Tag Archives: Live

Video Clip of The Week: Live, “Love Lounge”


Something I did not imagine I would ever be doing is posting a new video from alternative rock radio darlings Live in this column – and one featuring all four original members, no less! I admit that, not only because I was pretty sure that Live had broken up in a manner that could only be described as ‘acrimonious,’ but also because I had heard from sources that would know that lead singer Ed Kowalczyk had kind of, well, turned into dick. I guess that Ed must have worked through his issues, because Patrick (Dahlheimer) and the two Chads (Gracey and Taylor) have accepted him back into the fold, and Live is back to making the skull-splittingly-brilliant music that, at one point in the ’90s, made them The Biggest Band in the World — at least if this clip for “Love Lounge” is any indication. Wow. Wonders truly never cease.

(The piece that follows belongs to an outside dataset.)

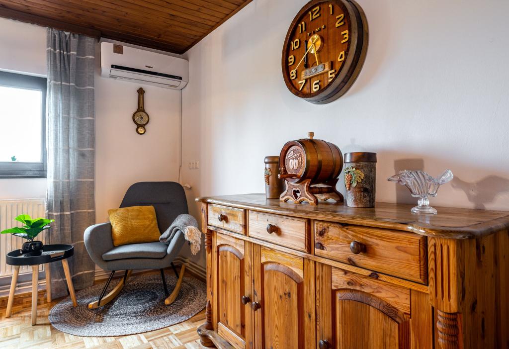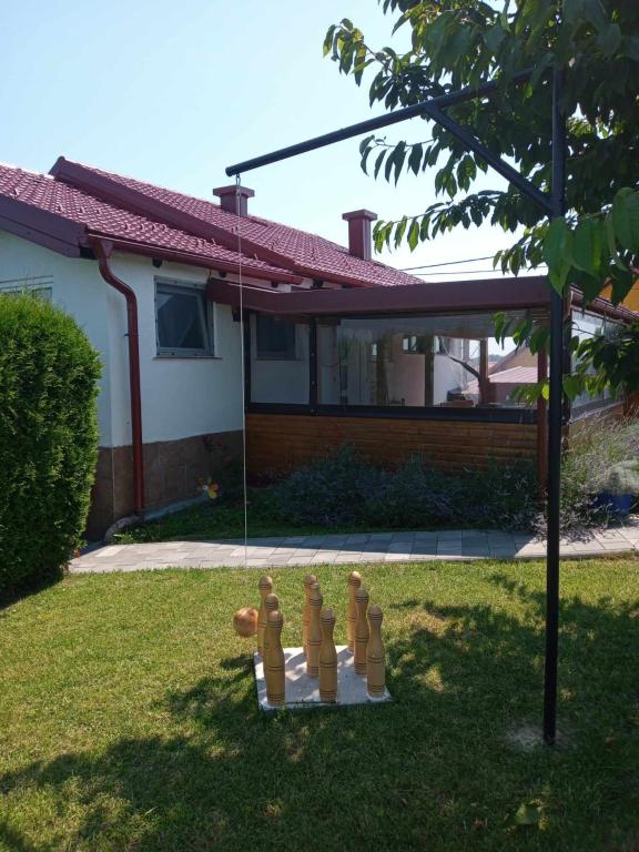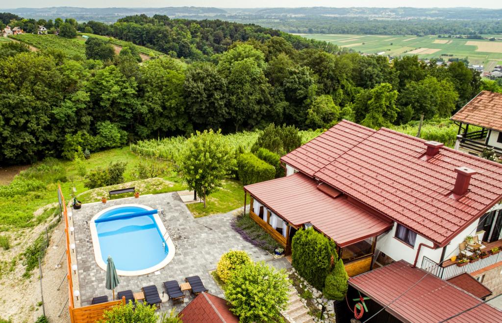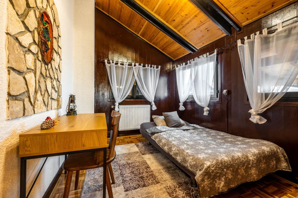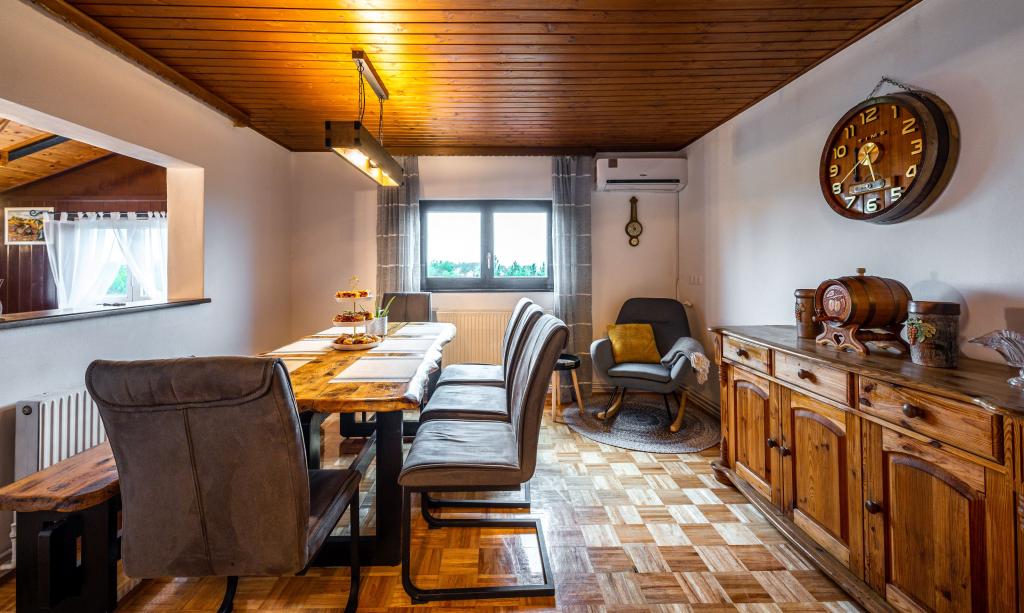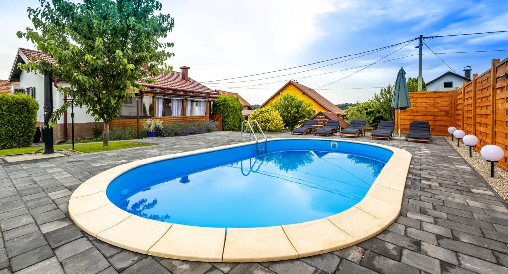 Het vakantiehuis "Nihil deest" is gelegen in Falinić Breg, gemeente Cestica, 20 km van Varaždin en 6 km van de grensovergang Dubrava Križovljanska. Het huis biedt een volledig uitgeruste keuken, badkamer met ligbad, douche en toilet, apart toilet, eetkamer, woonkamer en 2 slaapkamers met een tweepersoonsbed en 1 kamer met een eenpersoonsbed. Het huis heeft een terras met een zwembad met hydromassage en houten tuinmeubelen, een barbecue en een buitendouche op zonne-energie. Het huis is geschikt voor families met kinderen. De tuin van het huis is omheind. Op het erf is er een houten klimrek voor kinderen, een minigym, een hangende bowlingbaan en een badmintonset. Van juni tot eind september is een buitenzwembad (afmetingen 7,5x3,5 m) met ligweide geopend.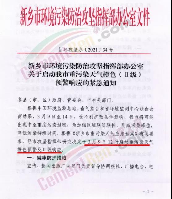新鄉(xiāng)市環(huán)境污染防治攻堅指揮部辦公室發(fā)布《關于啟動新鄉(xiāng)市重污染天氣橙色(Ⅱ級)預警響應的緊急通知》稱于3月9日12時啟動重污染天氣橙色預警及Ⅱ級響應。

If you are fans of old-school Live, you will be blown away by the sonic locomotive that is “Love Lounge.” Holy shit, Ed‘s voice is in top shape, and he is still one of the sexiest, most charismatic front men in rock. You don’t even need me to tell you anything else about this song except that, aurally, Live still have it going on. “Love Lounge” sounds like no time has passed since the glory day of Throwing Copper, except that Live somehow got ever better. Visually, you’ve got a wall of golden skulls, a high roller’s poker game, and a graffiti-covered tunnel as the major back drops that “Love Lounge” plays against. And then, there’s Ed looking like a stone solid rock god. It’s not anything I thought I would see again. And yet, here it is.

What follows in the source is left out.